While I agree that electric vehicles are here to stay and the market will grow, barring any favorable regulations to the oil industry, the sales projections that some firms are giving Tesla are just mind boggling at this point. There are a ton of manufacturers in the EV space and a lot more that will join in the next several years. On top of that, there is also a growing list of hybrids that continue to have longer ranges and compete with the pure EV. This Plugincars.com article shows a growing list of hybrids that will be hitting the showrooms soon, including the much anticipated Cadillac ELR, with a combined range of 300 miles. Thus, although I do not have much doubt that Tesla will continue to experience success, I believe the growth targets by some analysts are completely unrealistic given the competition and uncertainties.
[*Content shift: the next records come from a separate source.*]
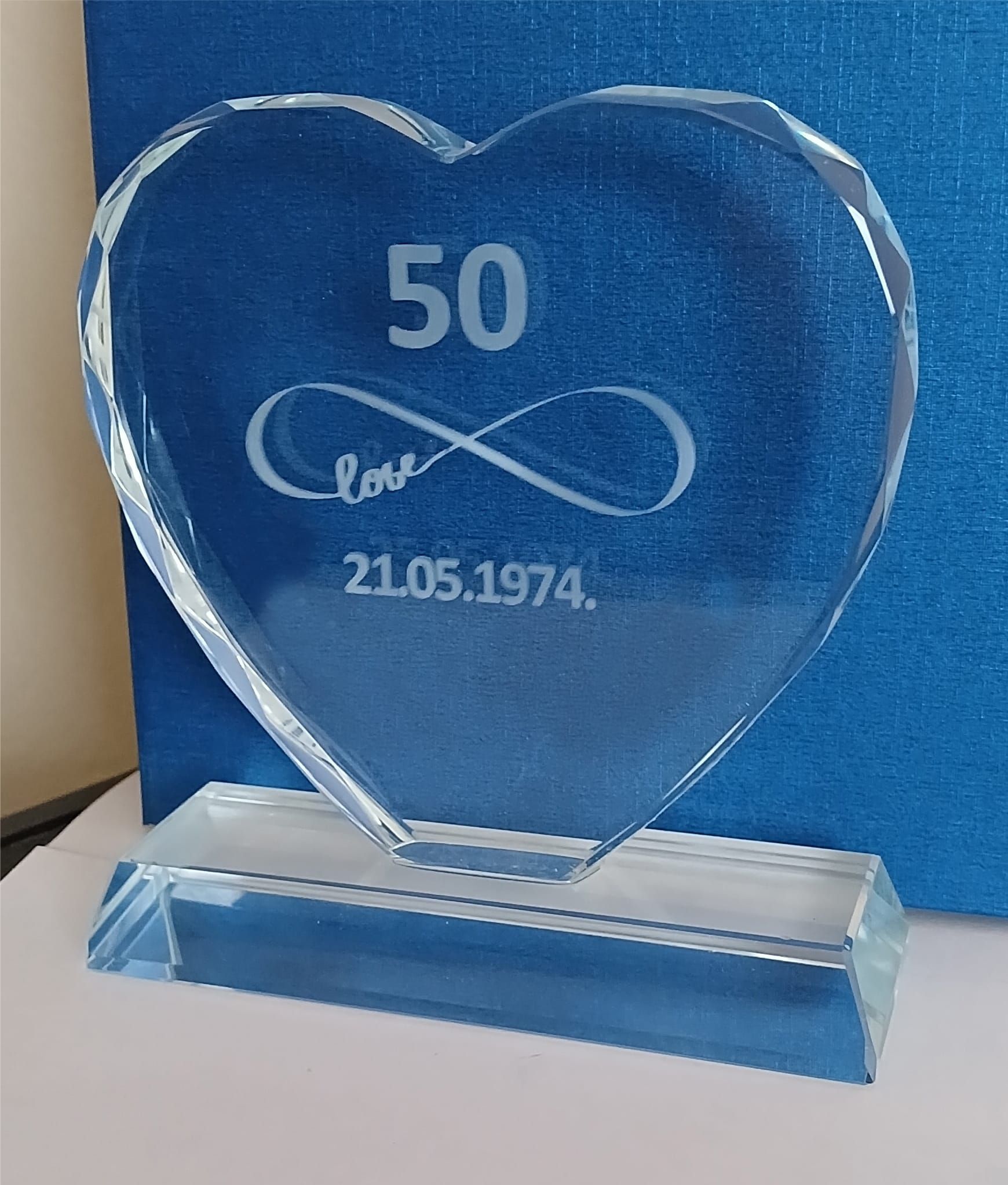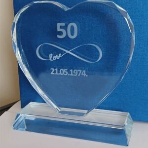 Elektronska priprema, graviranje unutar kristala, odgovarajuća poklon kutija plave boje sa postavom.
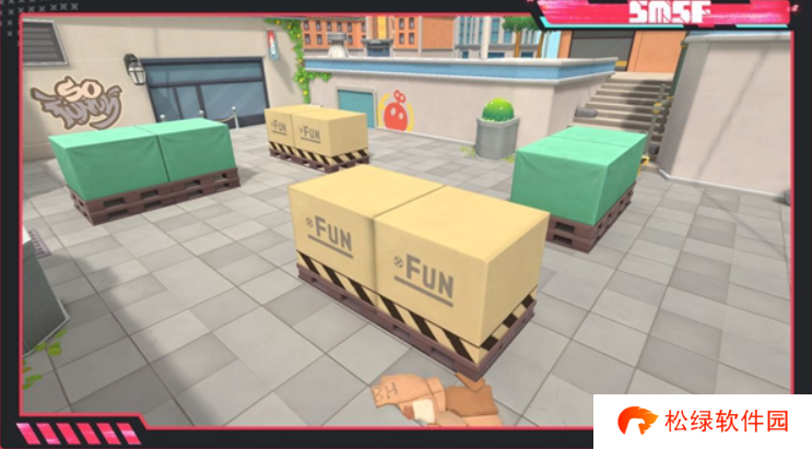 这张地图充满涂鸦和纸箱,肠肠可以在纸箱后面躲藏,等待出击机会,也可以大胆进攻,给敌人一个猝不及防的打击。
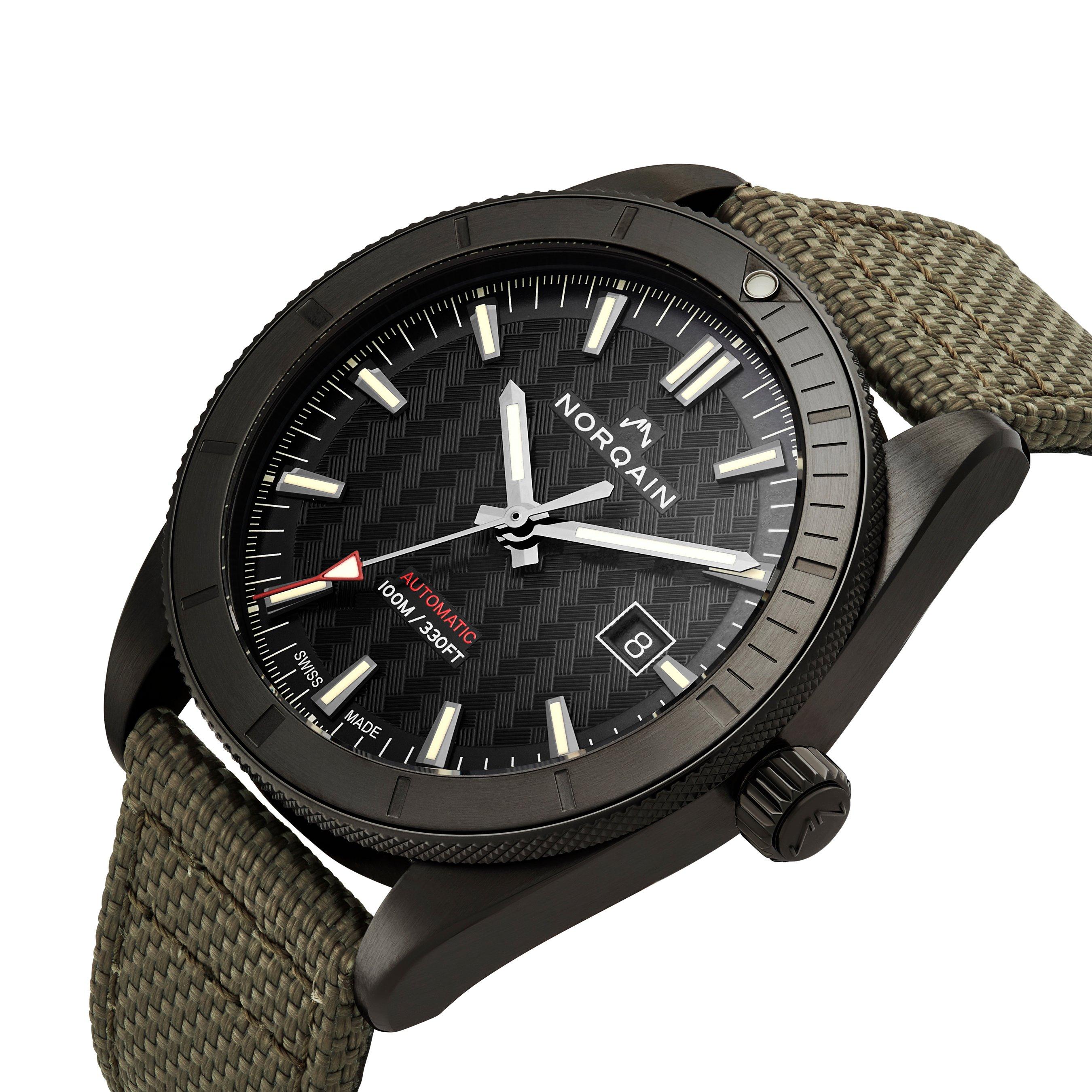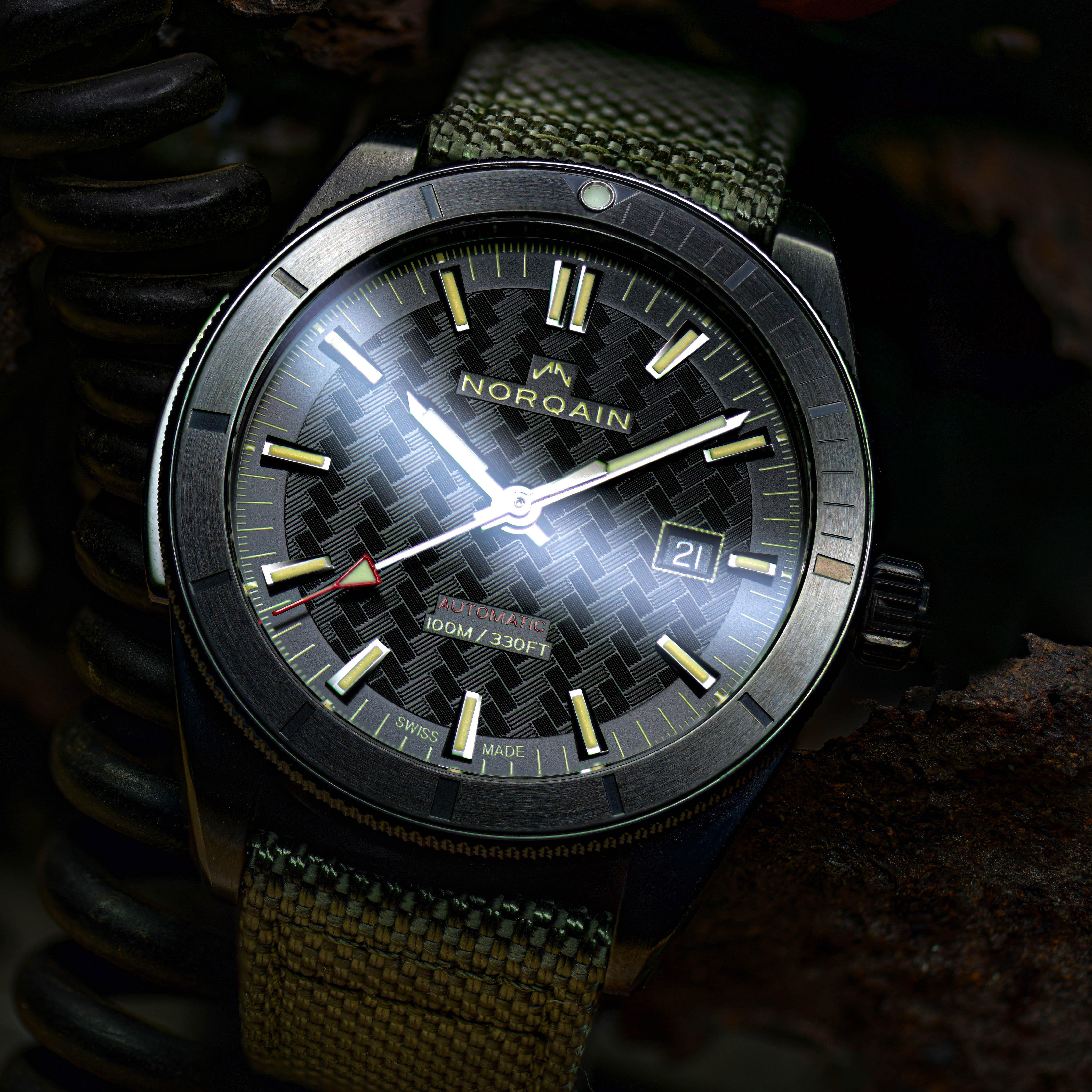 - Black dial with unique NORQAIN pattern, diamond-cut, faceted, black plated hands and indexes filled with Old Radium Super-LumiNova

Uncertainties like whether or not the online sales model will hold up in court, will cost efficiencies in battery technology continue to grow or will they plateau, and how many real competitors will Tesla have when the Gen III comes out. Given all of these uncertainties, I am more likely to side with the Goldman Sach's estimate of 100 to 200 thousand units in 3-5 years rather than Dougherty & Co.'s 500 thousand units in the future. However, in this video with Andrea James, Dougherty & Co.'s Tesla Analyst, she doesn't give a specific timeline for the 500 thousand units mark, so she might be estimating that the timeline is longer than 3-5 years, which most price points from analysts are based on. So the careful investor needs to step back from projections that are way into the future and ask themselves what kind of EPS will the company bring 3-5 years down the line, which a lot of institutions buy on.
Disclosure: I have no positions in any stocks mentioned, and no plans to initiate any positions within the next 72 hours. I wrote this article myself, and it expresses my own opinions. I am not receiving compensation for it (other than from Seeking Alpha). I have no business relationship with any company whose stock is mentioned in this article.